─── EXERCISE MATERIAL
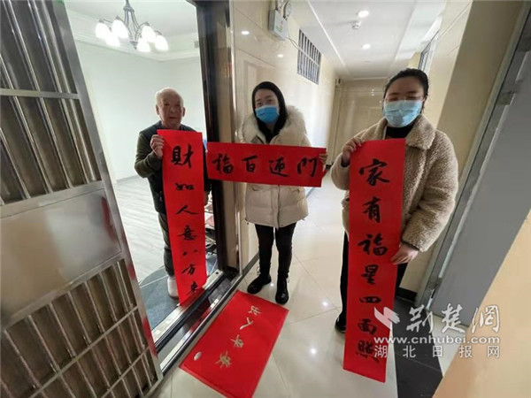 据了解,为避免人员聚集,本次活动仅邀请了部分抗疫医护家庭代表参与活动。活动过后,社区网格员、下沉党员成立“送春联送福”行动小组,将余下的春联和“福”字分别送到15个医护家庭,传递新春最美好的祝福。
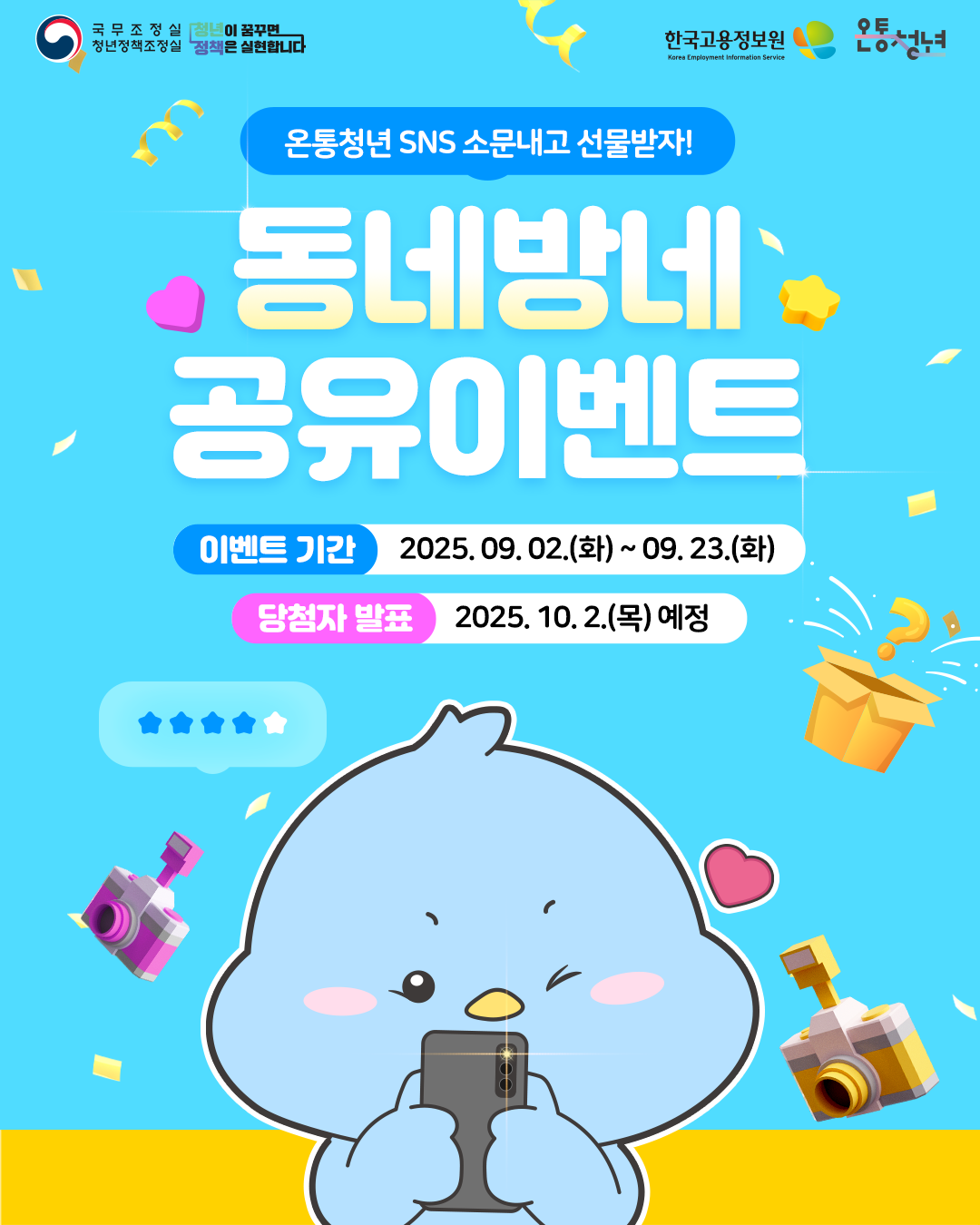 fnctId=bbs,fnctNo=597 페이지 공유 글번호 88512 [외부프로그램] [한국고용정보원] 온통청년 SNS 소문내기 이벤트 작성일 2025.09.09 수정일 2025.09.09 작성자 학생·취업과 조회수 52 첨부파일 첨부파일이(가) 없습니다.
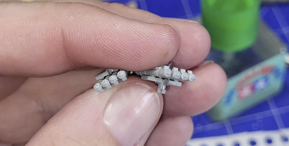 Im Bausatz wird jeder Geschützturm aus jeweils vier Bauteilen zusammengesetzt: ein Bodenstück, das Geschützrohr, der Turm an sich und der darin befindliche Geschützverschluss.
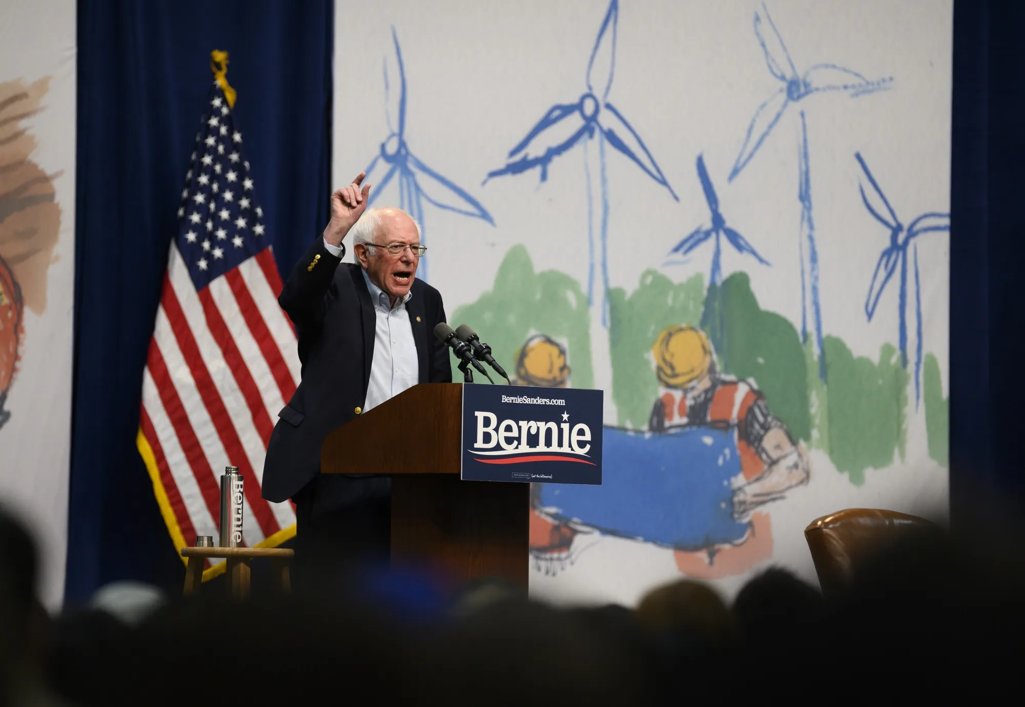 民主党总统候选人伯尼·桑德斯在2019年11月9日于爱荷华州德雷克大学举行的气候危机峰会上发言。摄影师:斯蒂芬·马图伦/盖蒂图片社### 核选项
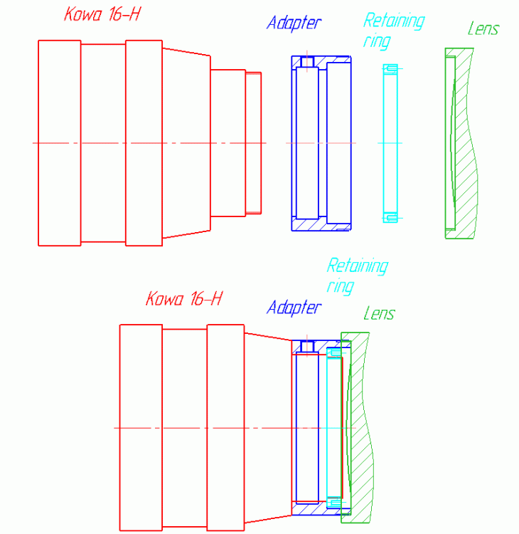 2. Hi everybody. I heard that Redstan stopped to manufacture these adapters, and just selling remaining stock at the moment. So, I suppose he'll not object copying of his design now. That is why we made first adapter of this type (M62 filter thread to Kowa-16H and others with 52mm rear diameter). Here is the link http://www.rafcamera.com/en/adapter-52mm-to-m62x0-75-rr Limited quantity is made to check demand. Our version of this adapter keeps 1.5mm distance between rear end of Kowa and front glass of taking lens. It is possible to get closer for my particular lens, but I suppose it may be unsafe for some other lenses, so our adapter allows Kowa rear end to go only 0.5mm besides front plane of a taking lens filter rim. Another feature is intermediate flat spring preventing damage of Kowa barrel by adapter tightening screws (3 of M5 screws are used). Current price is $45 + shipping. If you need some customized adapter, we are ready to make it (average time of availability since drawing is approved is 10 days). Thanks. Raf.
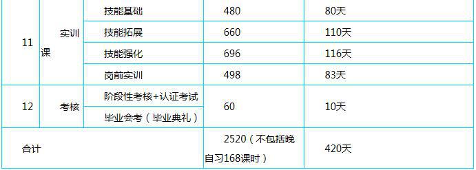 1、在校實際學習天數(shù)420天(節(jié)假日除外),專業(yè)教學合計2520課時,機動課時±5%
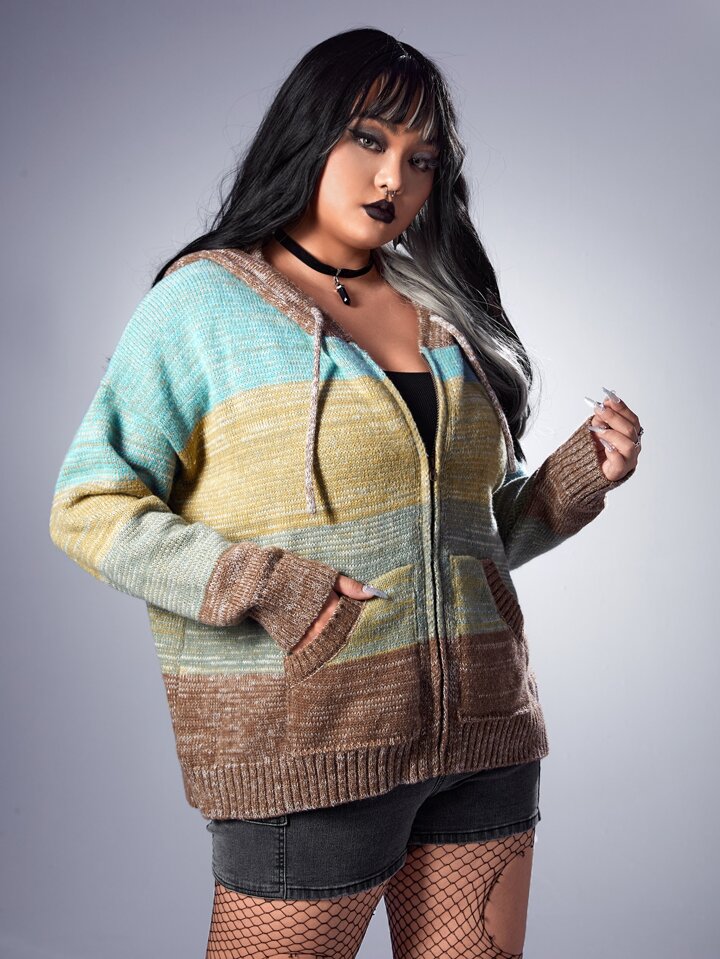 Academia Plus Space Dye Drop Shoulder Drawstring Hooded Cardigan
──────
● **TASK**
Look above for the line with "Im Bausatz wird" and the line with "民主党总统候选人伯尼·桑德斯". Give again exactly those two lines and all lines between them, pictures excluded.

● **EXERCISE RESULT**
 Im Bausatz wird jeder Geschützturm aus jeweils vier Bauteilen zusammengesetzt: ein Bodenstück, das Geschützrohr, der Turm an sich und der darin befindliche Geschützverschluss.
 民主党总统候选人伯尼·桑德斯在2019年11月9日于爱荷华州德雷克大学举行的气候危机峰会上发言。摄影师:斯蒂芬·马图伦/盖蒂图片社### 核选项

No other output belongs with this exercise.